Generosity Starts...
...with other peoples time.
(note to business contacts: Don't be offended by my grumbling. I'm a good soldier, but bitching is prime blog-fodder.)
So I get to fly out for business today (Sunday). If I had flown out tomorrow morning I wouldn't have arrived until 11am. They want to start at 9am. I was also booked on a flight that leaves at 3pm with a 3 hour layover in Atlanta. The flight leaving at 8pm only has a 30 minute layover.
Even if my time is worth nothing, we could have billed out 4 hours of my travel time tomorrow (weekday) , but only 2 hours of today's travel time.
I understand the reason for business travel, but I rarely seem to see anyone acknowledge the costs to the traveler (except of course the traveler himself.) I happen to love my wife, my king-sized waterbed, and all the other stuff I'm leaving behind when I travel.

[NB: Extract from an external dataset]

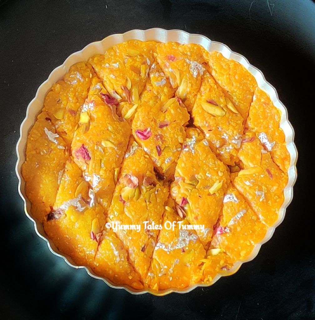 For clicking pics, I have changed the mold and set the mithai into pie tin.

There should be some incentive for doing it, like combat pay, or something. I'm sure good work is appreciated (or more likely expected), but my psyche is happier with a tighter/more concrete sacrifice->reward feedback loop. Normally when I book my own business travel, I'll tack on a vacation day or two to explore like my .Net Advisory Council meetings. That can actually make the trip seem fun.
Also the 10th is our 4th ( Fruit/Flowers) wedding anniversary (the real one, not the sham we invited our friends & family to... but the handshake, kiss, and subsequent $3000 tax refund that marked the start of our commitment to each other. (PA still has common-law marriages... and no you don't have to live together for 7 years. Read the law )
With luck, things will be go well and I'll be able to come home early for it. Also, I at least know it can't be as bad as my first business trip 8 years ago, when I essentially re-coded the my entire project on-site (can import data from a network != a multi-user client/server database application.)
Also with luck, I'll get to Houston tonight. I'm taking the later flight, but I'm on standby. I called Airtran and confirmed that there are plenty of empty seats... but it sure would suck to be stuck in ATL overnight.